Exercise details — For the material below, reproduce exactly each line from the one that has "根据一位用户晒出的发货通知显" through the one that has "Помимо расширенных возможностей", and no others; pictures stay out.

___ Data in this exercise

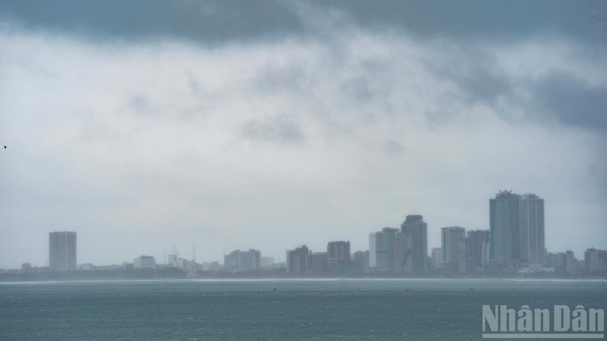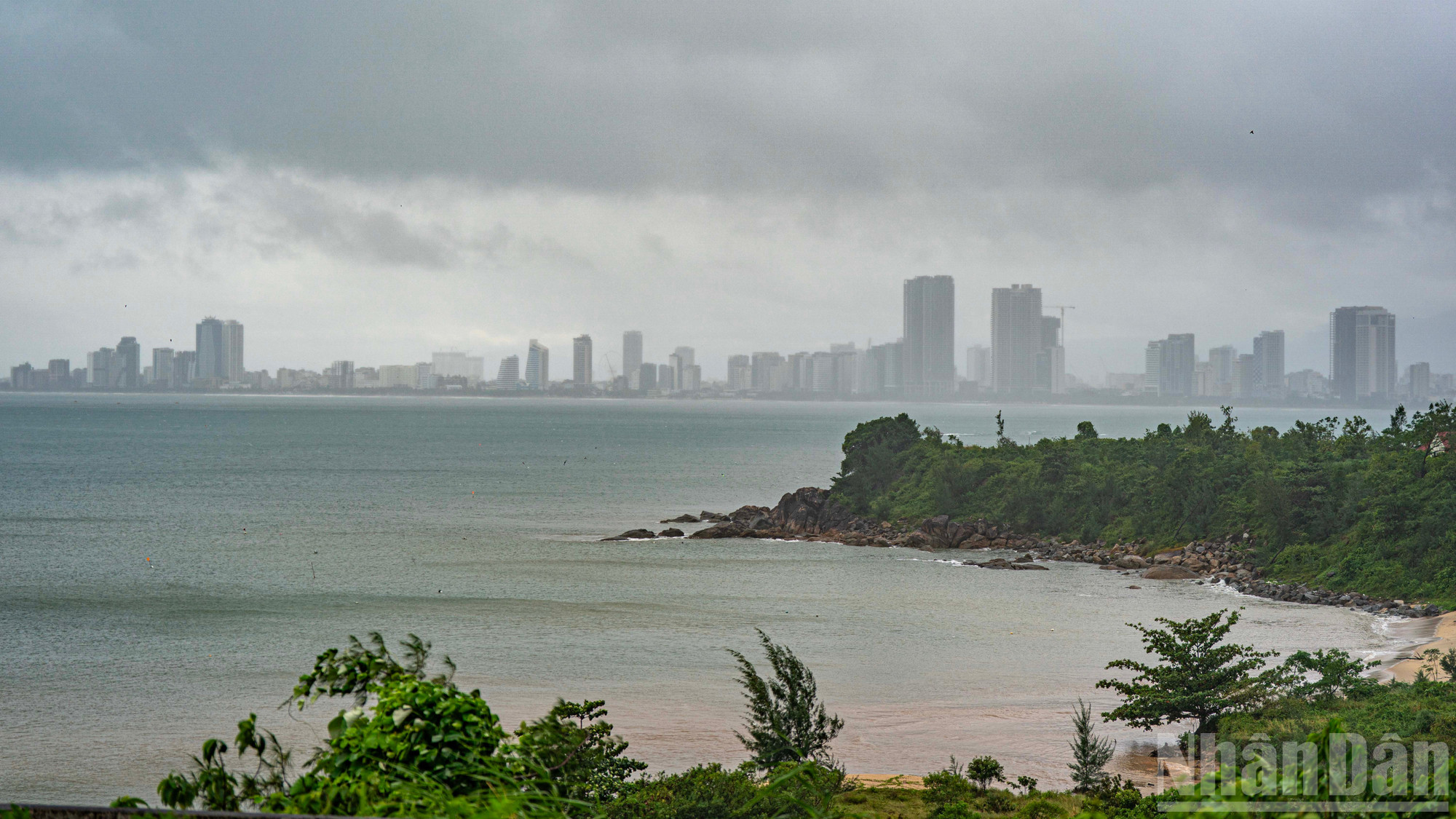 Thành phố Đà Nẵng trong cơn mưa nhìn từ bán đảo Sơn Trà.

______
___ Data in this exercise

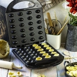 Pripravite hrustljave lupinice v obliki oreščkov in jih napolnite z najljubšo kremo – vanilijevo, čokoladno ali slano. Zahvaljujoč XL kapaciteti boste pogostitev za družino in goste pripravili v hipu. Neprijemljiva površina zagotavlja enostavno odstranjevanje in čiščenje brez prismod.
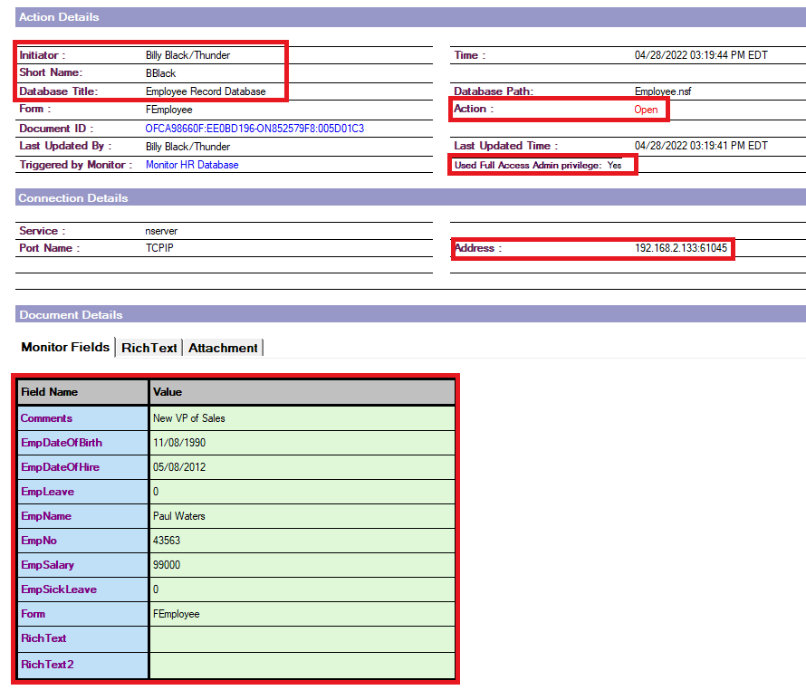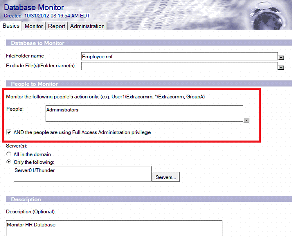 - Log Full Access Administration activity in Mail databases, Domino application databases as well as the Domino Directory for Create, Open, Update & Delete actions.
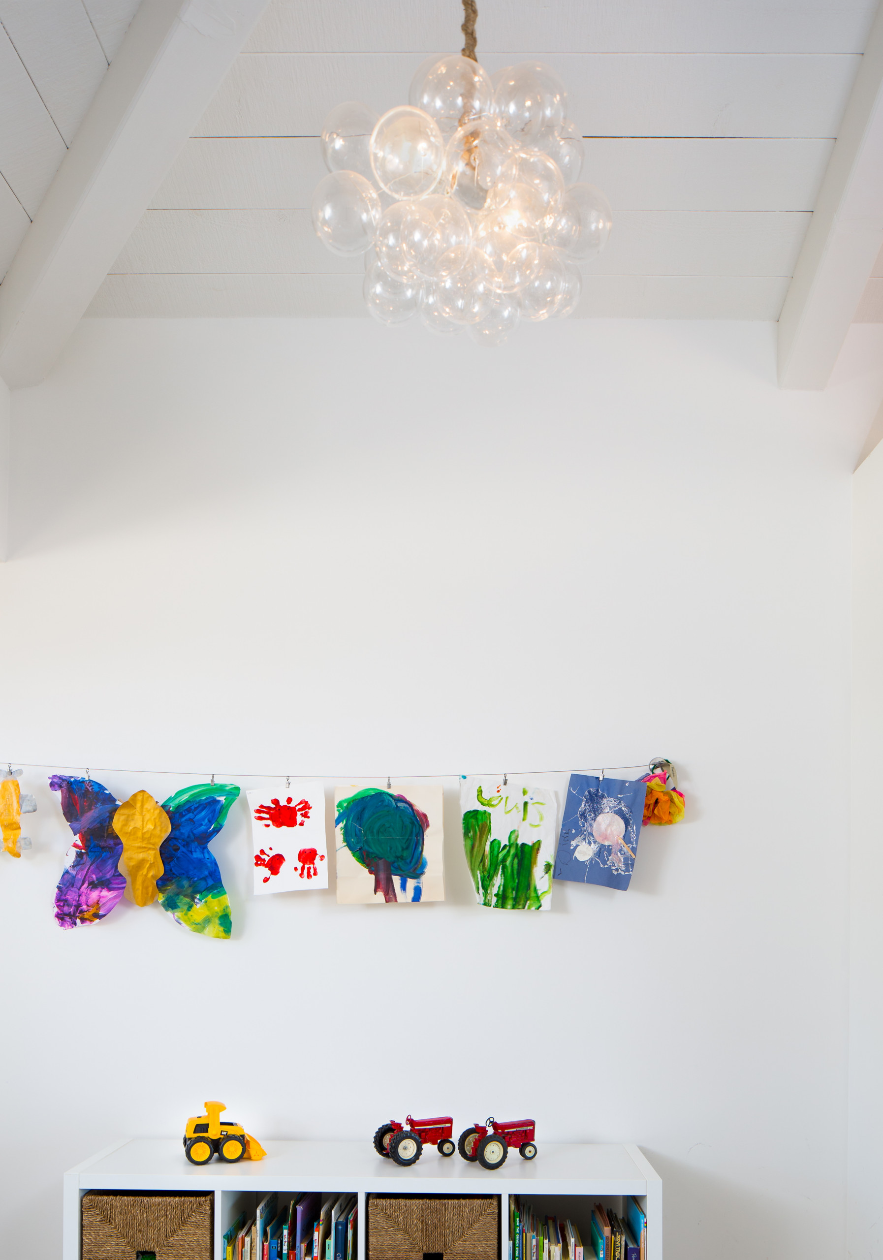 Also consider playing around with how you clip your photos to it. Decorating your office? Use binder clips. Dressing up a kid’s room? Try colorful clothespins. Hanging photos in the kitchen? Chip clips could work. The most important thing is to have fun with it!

______
___ Data in this exercise

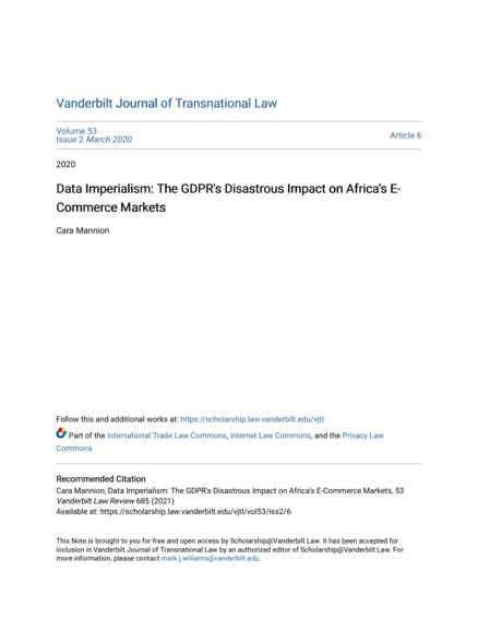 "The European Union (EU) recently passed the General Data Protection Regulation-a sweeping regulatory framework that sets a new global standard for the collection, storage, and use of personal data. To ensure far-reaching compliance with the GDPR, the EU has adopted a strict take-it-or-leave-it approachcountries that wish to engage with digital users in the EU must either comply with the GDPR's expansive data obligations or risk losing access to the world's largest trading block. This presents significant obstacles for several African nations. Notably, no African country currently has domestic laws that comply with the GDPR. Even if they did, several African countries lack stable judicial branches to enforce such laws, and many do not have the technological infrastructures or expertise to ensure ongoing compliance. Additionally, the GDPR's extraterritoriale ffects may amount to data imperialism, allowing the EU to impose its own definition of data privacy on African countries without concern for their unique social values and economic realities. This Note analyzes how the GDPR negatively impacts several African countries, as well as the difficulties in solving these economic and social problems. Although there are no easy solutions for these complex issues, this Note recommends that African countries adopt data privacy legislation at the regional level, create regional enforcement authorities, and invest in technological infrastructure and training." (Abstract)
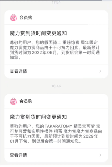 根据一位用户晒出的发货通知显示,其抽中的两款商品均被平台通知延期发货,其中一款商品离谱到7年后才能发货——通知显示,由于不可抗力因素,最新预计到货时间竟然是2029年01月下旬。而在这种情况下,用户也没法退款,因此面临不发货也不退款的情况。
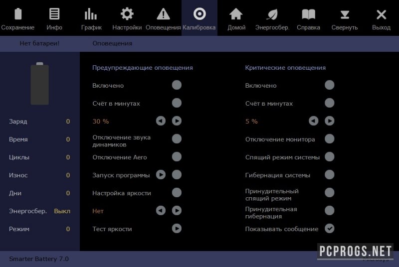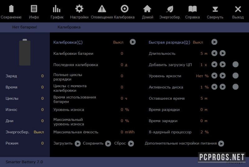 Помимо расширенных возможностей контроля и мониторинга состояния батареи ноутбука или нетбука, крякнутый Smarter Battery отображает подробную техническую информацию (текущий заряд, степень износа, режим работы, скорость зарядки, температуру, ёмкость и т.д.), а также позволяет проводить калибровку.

______

Exercise response —
 根据一位用户晒出的发货通知显示,其抽中的两款商品均被平台通知延期发货,其中一款商品离谱到7年后才能发货——通知显示,由于不可抗力因素,最新预计到货时间竟然是2029年01月下旬。而在这种情况下,用户也没法退款,因此面临不发货也不退款的情况。
 Помимо расширенных возможностей контроля и мониторинга состояния батареи ноутбука или нетбука, крякнутый Smarter Battery отображает подробную техническую информацию (текущий заряд, степень износа, режим работы, скорость зарядки, температуру, ёмкость и т.д.), а также позволяет проводить калибровку.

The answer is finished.